The long weekend is perfect for heading to the hardware store to buy mulch and flowers or supplies for that spring project.
So who is Easter for then?
I believe that Easter is for the Monday mornings. It is for the broken hearted and the broken down. It is for the wound that won’t heal. It is for the body that is aging. It is for the tree whose leaves are diseased. It is for the dream unrealized. It is for the civil war-torn country. It for the runner whose strength is failing. It is for the ocean’s coast strewn with trash. It is for the childhood ended too early, the adulthood ended too soon, the elderly left alone. It is for the mundane and the tired, the down and depressed. It is for the hospital rooms and homeless dormitories. It is for battlefields and for the lecture halls. It is for the messy, the ruined, the forgotten. It is for all souls, and for all of creation.
Easter is for you and for me.
Easter is for anyone with bad news needing good news. It is for anything futile or broken needing a lasting fix. It is for anything tired longing for new strength.
Don’t be deceived about the reality of Easter…
Yesterday, the eggs were hunted, dyed, counted, stepped on, consumed, and cast aside….but, we don’t box up Easter until next year…we don’t cast it aside for another day. No, we hang every moment on the promise that is Easter. We view every circumstance in light of the good news that Jesus is the King of Kings, that Jesus is alive, and that Jesus is coming back to restore all things.
Everything finds its meaning in that reality. Even the meaningless, even when we can’t wrap our minds around it…we are free from the power of sin and death, and one day we will be free from the presence of sin and death.

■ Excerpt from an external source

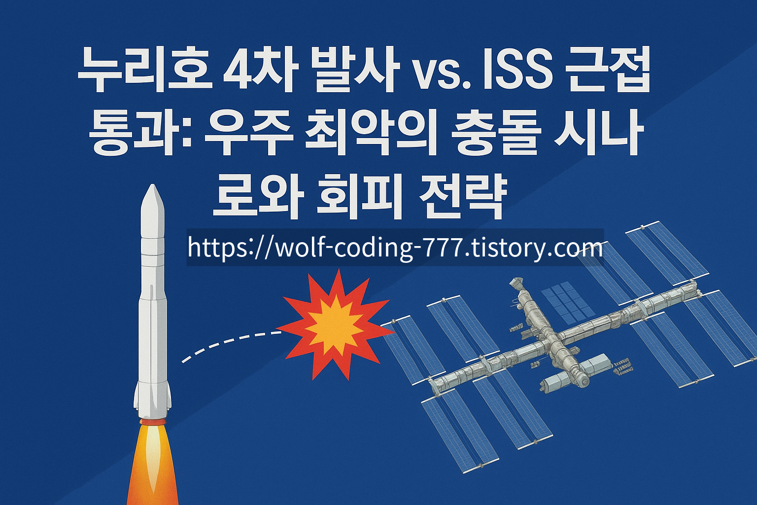 대한민국 우주 개발의 쾌거로 불리는 누리호의 4차 발사가 코앞으로 다가왔습니다. 하지만 이번 발사는 단순한 기술적 도전을 넘어, 국제우주정거장(ISS)과의 예기치 않은 근접 통과라는 국제적 위험을 안고 있습니다. 한국항공우주연구원(항우연)은 발사체와 ISS 간의 최소 안전거리인 200km를 보장해야 하지만, 특정 시간대에 이 거리가 위반될 것으로 예측되어 긴급 발사 시각 조정에 들어갔습니다. 이번 기사는 우주 교통 관제 역사상 드문 이 충돌 위험의 전말과, 이를 완벽하게 회피하기 위한 대한민국의 '007 작전급' 정밀 우주 회피 전략을 심층 분석합니다.

So let our Monday, our mundane, and our miserable places be grounded in Jesus. Let us cling to the hope found only in Jesus. Even in the face of hardship and trial and pain and sorrow and whatever circumstance threatens our hope…we boast in what Jesus did for us. Easter is for you. Christ died. For you. Don’t let Monday squeeze out the miracle of Easter. Grasp it. Trust it. Trust Him.